On Thu, Nov 28, 2019 at 4:19 AM David Morávek <[email protected]>
wrote:

> Agreed with Jan. This kind of use case requires having incoming elements
> ordered by timestamp. Only effective solution is to delegate sorting to the
> runner, which is currently impossible. Introducing an "annotation" that
> would guarantee event time order looks like a nice clean to solve this. :+1:
>
> I'd love to see this effort moving forward, are there any objections
> against this I'm not aware of (looking at the previous discussions I didn't
> find any)?
>
> D.
>
> On Thu, Nov 28, 2019 at 10:46 AM Jan Lukavský <[email protected]> wrote:
>
>> Hi Reza,
>> On 11/28/19 8:16 AM, Reza Rokni wrote:
>>
>> Hi,
>>
>> With regards to the processing needed for sort:
>> The first naive implementation of the prototype did a read and sort for
>> every Timer that fired ( timers was set to fire for every LHS element
>> timestamp, a property of the use case we was looking at). This worked but
>> was very slow as you would expect, so we changed things to make use of
>> bundle boundaries as a way to reduce the number of sorts, by storing the
>> sorted list into a static map ( Key-Window as key) for the duration of the
>> bundle. It was very effective for the use case, but added a lot of
>> technical debt and hard to figure out potential bugs...
>>
>> Note that when you push the sorting from user code to runner (even for
>> streaming), then a much more efficient implementation appears, because you
>> can read and sort all elements from the sort buffer *up to the input
>> watermark*. This is much bigger "hop" the per element and therefore is very
>> efficient even with no other optimizations in place. The problem is that in
>> user code, the actual input watermark is unknown (yes, that could be
>> changed, we can add the value of input watermark to OnTimerContext).
>>
>>
>> With regards to memory needs:
>> In our use case, while there was a lot of elements, the elements were
>> small in size and even in batch mode we could process all of the data
>> without OOM. But we would want a generalized solution not to have to rely
>> on this property when in batch mode of course.
>>
>> +1
>>
>>
>> Just a thought Jan as a temporary solution, for your use case, would
>> stripping down the element to just timestamp & joinkey allow the data to
>> fit into memory for the batch processing mode?

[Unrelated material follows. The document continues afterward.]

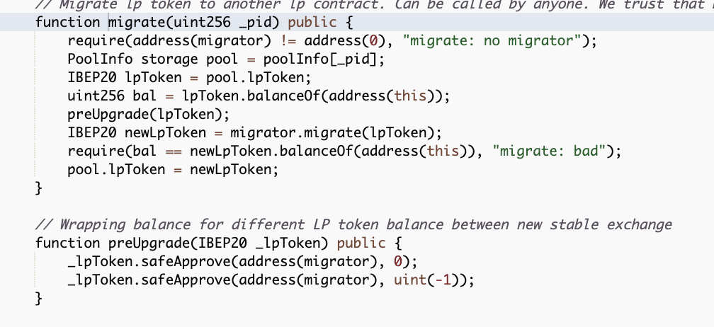 - Migrate Function ฟังชั่นนี้เป็นฟังชั่นที่ต้องระวังมากเพราะมันเป็นฟังชั่นที่สามารถทำให้เงินของคุณถูกโอนไปที่อื่นได้ เช่น https://bscscan.com/address/0x584527ded17aceb3dc617c40b04e8fe9afc57096#code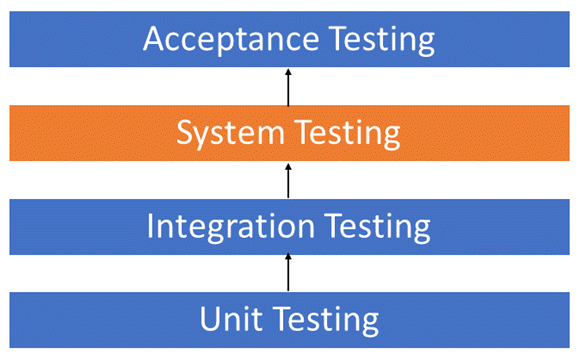 - System Testing liên quan đến việc kiểm tra và theo dõi mã code của phần mềm. Kiểm tra các ứng dụng tích hợp đầy đủ bao gồm các thiết bị ngoại vi bên ngoài nhằm kiểm tra cách các thành phần tương tác với nhau và với toàn bộ hệ thống. Đây cũng được gọi là kịch bản thử nghiệm End to End.

It would require more work
>> afterwards to add back the other properties ( a lhs and rhs pass I think..)
>> , which could make it prohibitive...?
>>
>> Actually there are workarounds, yes. I'm looking for a generic solution,
>> and because I have implemented the @RequiresTimeSortedInput annotation and
>> I'm using it, I actually don't need any workarounds. :-) I just need a
>> consensus to add this to master, because I don't (obviously) want to keep
>> and maintain that outside Beam.
>>
>> Jan
>>
>>
>> Cheers
>> Reza
>>
>>
>>
>>
>>
>>
>>
>>
>> On Thu, 28 Nov 2019 at 14:12, Kenneth Knowles <[email protected]> wrote:
>>
>>> Yes, I am suggesting to add more intelligent state data structures for
>>> just that sort of join. I tagged Reza because his work basically does it,
>>> but explicitly pulls a BagState into memory and sorts it. We just need to
>>> avoid that. It is the sort of thing that already exists in some engines so
>>> there's proof of concept :-). Jan makes the good point that executing the
>>> same join in batch you wouldn't use the same algorithm, because the
>>> disorder will be unbounded. In Beam you'd want a PTransform that expands
>>> differently based on whether the inputs are bounded or unbounded.
>>>
>>> Kenn
>>>
>>> On Tue, Nov 26, 2019 at 4:16 AM David Morávek <[email protected]>
>>> wrote:
>>>
>>>> Yes, in batch case with long-term historical data, this would be O(n^2)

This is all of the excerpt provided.